Она приподняла бровь, глядя на него.
Открыв глаза, Ниалл сфокусировал на ней свою ярко-голубую радужку, когда изогнул губы в медленной чувствительной улыбке, из-за чего ее тело охватила дрожь, которая не затихала, особенно, когда Аэлла увидела кончики его клыков.

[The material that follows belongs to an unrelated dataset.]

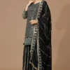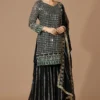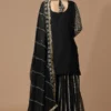 Be the talk of the town, wearing our partywear sharara suit in black georgette fabric. This amazing designer sharara dress is studded with heavy zari work for a look that is perfect for wedding receptions.
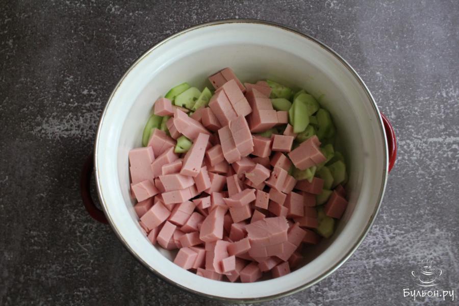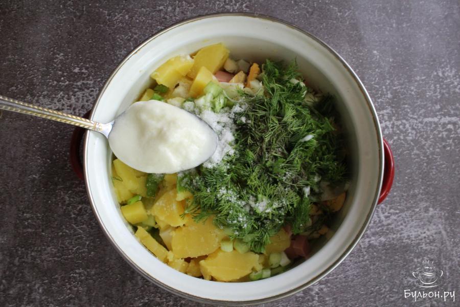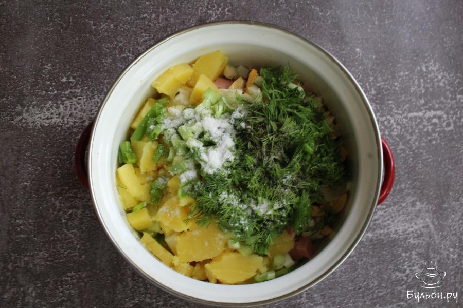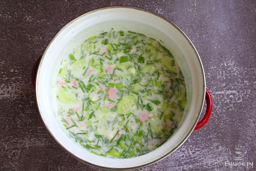 7. Добавить в кастрюльку минеральную воду без газа. Воды добавить до нужной консистенции окрошки. Перемешать, попробовать и если нужно досолить.

— Девочка, если ты не слезешь с меня, все очищающие процедуры станут бесполезны, потому что я восприму это как приглашение, чтобы погрузить в тебя свой член и попотеть.
Она наморщила нос.
— Тебе следует поработать над заигрыванием. Я понимаю, что ты старый и все такое, но такие высказывания канули в Лету с динозаврами.
— А так я старый для тебя? — Он обхватил ее бедра и сцепил руки под задницей, от чего приятная дрожь переросла в жидкое тепло, от которого ее лоно увлажнилось.

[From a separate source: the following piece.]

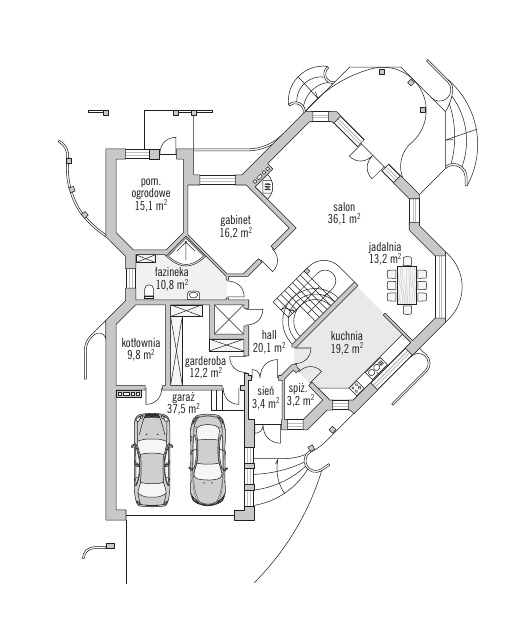 pom. ogrodowe 15,1 m2 salon 36,1 m2 gabinet 16,2 m2 jadalnia 13,2 m2 łazineka 10,8 m2 kotłownia 9,8 m2 hall 20,1 m2 garderoba 12,2 m2 garaż 37,5 m2 sień spiż. 2 3,4 m2 3,2 m kuchnia 19,2 m2

От шока она едва не перерезала ему горло. Аэлле не нравилось, когда ее тело неожиданно реагировало. И чувство желания к Шотландцу не было в списке одобренных физических действий. Опять же, теперь, когда он чистый, виден его потенциал. «Фу. Что со мной не так? Я не трахаюсь со своими целями».
— У тебя эрекция. Большое дело. У кого угодно с доступом к Виагре может быть то же самое в наши дни.
— У тебя есть ответ на все.
— Конечно.
— Тогда ответь мне вот на что? Если ты настолько не впечатлена, почему мой живот влажный?
— Мне нужно пописать.
Прикусив язык от выражения на его лице, Аэлла приподнялась с тела Ниалла, давая ему увидеть, что она ничего не надела под тогу.
Пока он наблюдал, в его глазах тлел огонь. К его чести… и ее разочарованию… он не попытался прикоснуться. Возможно, это даже хорошо. Аэлла отрезала руку последнему идиоту, который решился на такое без разрешения.
Когда он не поднялся с песка, она спросила:
— Ты все?
— Хотелось бы.
— Со мной, идиот.
— Разве я уже не сказал, что хотелось бы?
Топнув ногой, она взглянула на него.
— Ты прекратишь во всех моих словах искать сексуальный подтекст?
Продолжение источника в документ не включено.